Hanmer and Kaikoura – these are areas synonymous with tourism and as such, make a big contribution to our economy. Kaikoura is an established tourist hub while Hanmer has long been a drawcard for both tourists and Christchurch city folk seeking a change of scenery close to home.
Very soon we will also see a new cycleway developed through the Hanmer region and St James Station is to be managed by DoC with concessionaires operating around the Waiau River and its tributaries. With tourism opportunities continuing to open up, areas such as Waiau and Hanmer will become bigger drawcards for urban people and tourists heading into the hinterland to enjoy the great outdoors.

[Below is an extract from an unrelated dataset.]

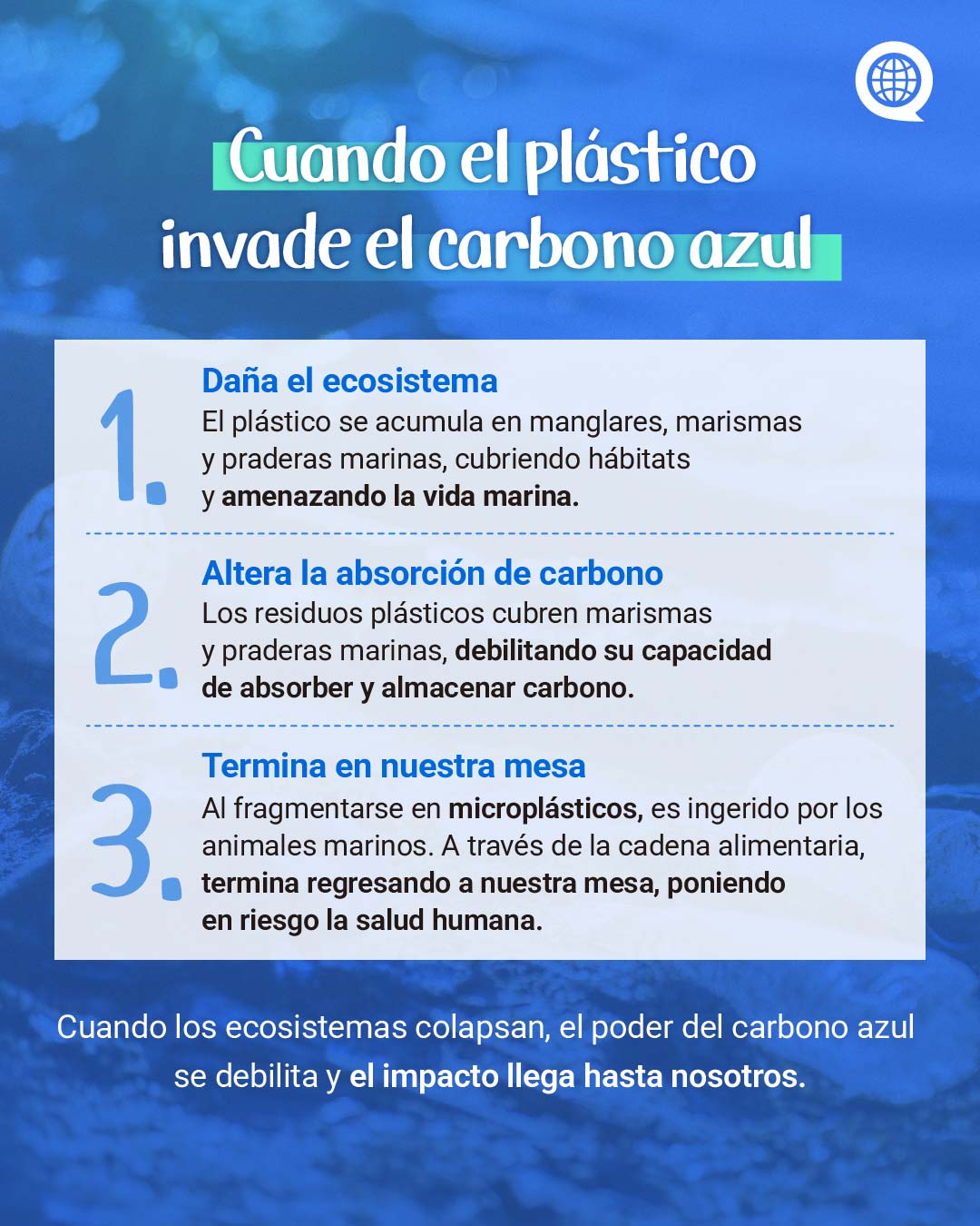 El uso de plásticos en la vida cotidiana de los estudiantes puede llegar a los océanos y ecosistemas de carbono azul a través de ríos y costas.

With this increased tourism comes the need to provide improved facilities and services. Roads need upgrading to cater for increased numbers of vehicles including camper vans and buses. There will be a greater demand for adequate accommodation, emergency services, health services and policing. All these services need to be put in place and that means these tourist areas must be able to attract and retain the providers, ensuring they settle and stay within the community.
To adequately equip our emerging tourism areas with people we need the Department of Immigration to recognise the potential in people rather than just acknowledging qualifications where applicable to certain roles. Flexibility and some lateral thinking will be the key to success.
At present we still see a continual flow of people into our cities because that is where the amenities are. Then, come holiday time, everyone heads to the hinterland and the sometimes inadequate services are literally overwhelmed.
Authorities can try to combat this shortfall in seasonal tourist areas by loading rates but I think the tourism arm at Hanmer Springs does a great job in the way it manages the success of the thermal pools and uses the profits to improve facilities – a good example of future-proofed management.
Kaikoura is not exempt from the challenges facing tourist areas – although a long established hub, it is still a relatively small community that is, at times, overwhelmed with visitors. There’s a huge boost to the local economy in the summer months but there are also problems caused by some sectors such as freedom campers – and when environmental and health concerns are involved there’s a need for good staff and excellent management within the appropriate authorities.
We are living is a changing economy – whereas beef, sheep and dairy production were once the mainstay of many areas, we are now seeing a shift towards tourism and more communities are becoming dependent on the tourism dollar.
Hanmer, Kaikoura, Waiau, the Molesworth, and Waipara – all places have cachet for tourists and New Zealand holidaymakers – so we need to ensure we have the people and facilities to do these places proud. This will take forward thinking and good planning, not only by local authorities but by central Government departments. Flexibility and lateral thinking – we need to turn these words into actions now.